▸ **Instructions to follow**: Start with the line that holds "Graz: Schwimmunion Mödling". Please copy it and each remaining line below exactly, leaving pictures out.

▸ **Collected data**:
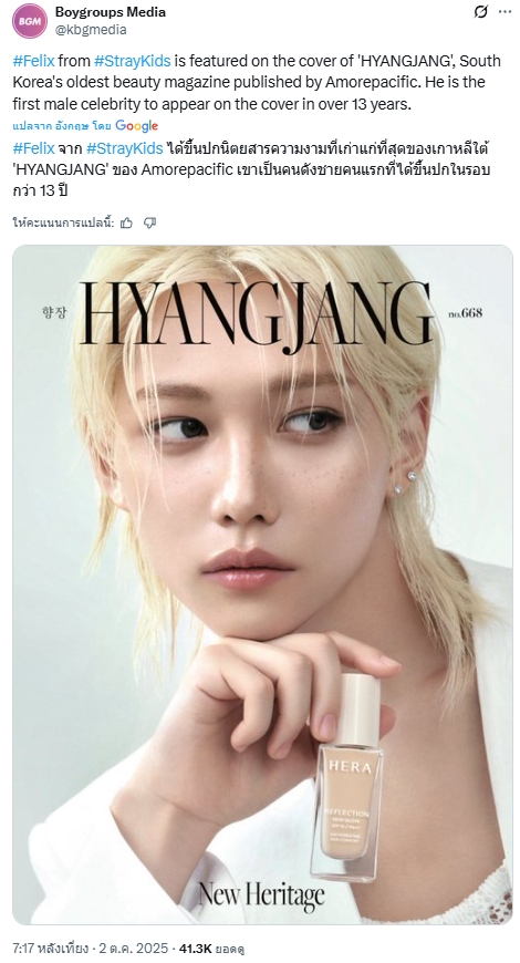 🔥 Stray Kids Felix บนหน้าปกนิตยสารความงามที่เก่าแก่ที่สุดของเกาหลีใต้ “HYANGJANG” ที่จัดพิมพ์โดย Amorepacific
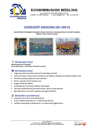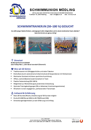 Graz: Schwimmunion Mödling sucht Schwimmtrainer:in.
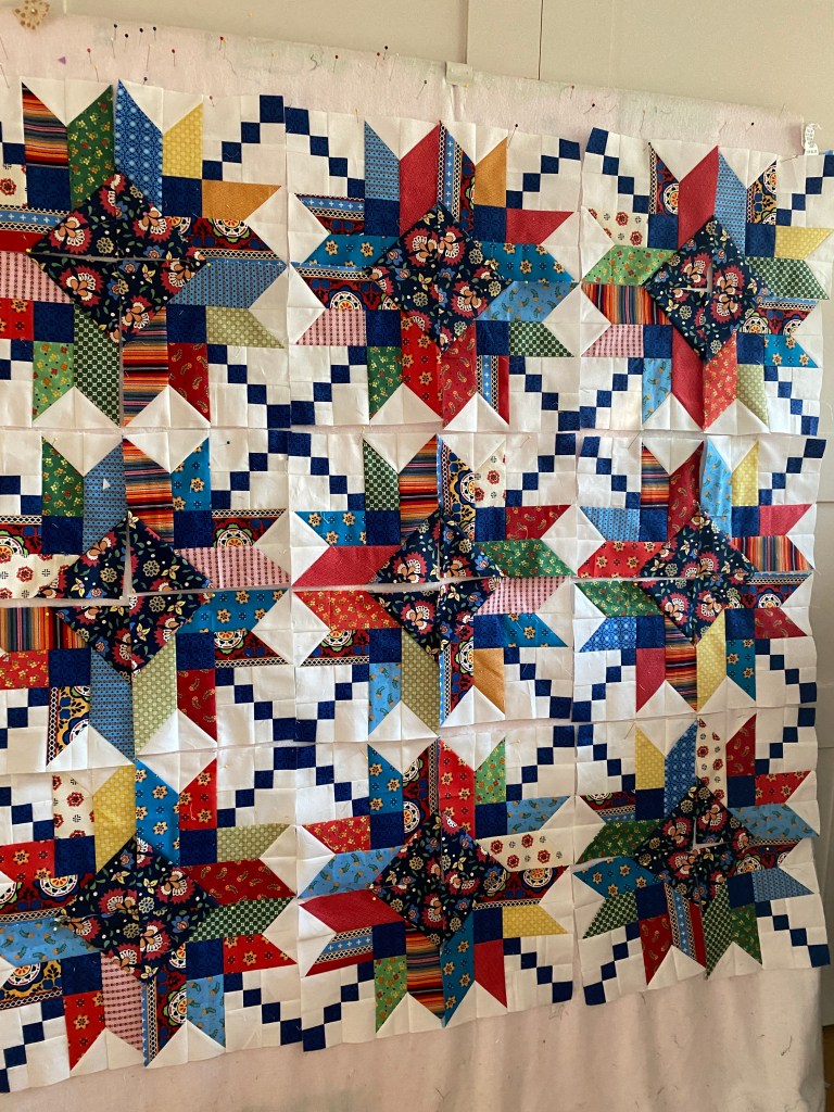 All the blocks are on the design wall, I think I have them assorted enough to not have any same ones touching. Just have to add the sashing and outer border and it’ll be a top. I was going to use the dark blue print for the sashing squares, but since I used the ones I originally cut for in the blocks, I needed to cut 49 more. I went with a mix of all the fabrics instead, yay! for scrappy.

▸ **Result of this exercise**:
 Graz: Schwimmunion Mödling sucht Schwimmtrainer:in.
 All the blocks are on the design wall, I think I have them assorted enough to not have any same ones touching. Just have to add the sashing and outer border and it’ll be a top. I was going to use the dark blue print for the sashing squares, but since I used the ones I originally cut for in the blocks, I needed to cut 49 more. I went with a mix of all the fabrics instead, yay! for scrappy.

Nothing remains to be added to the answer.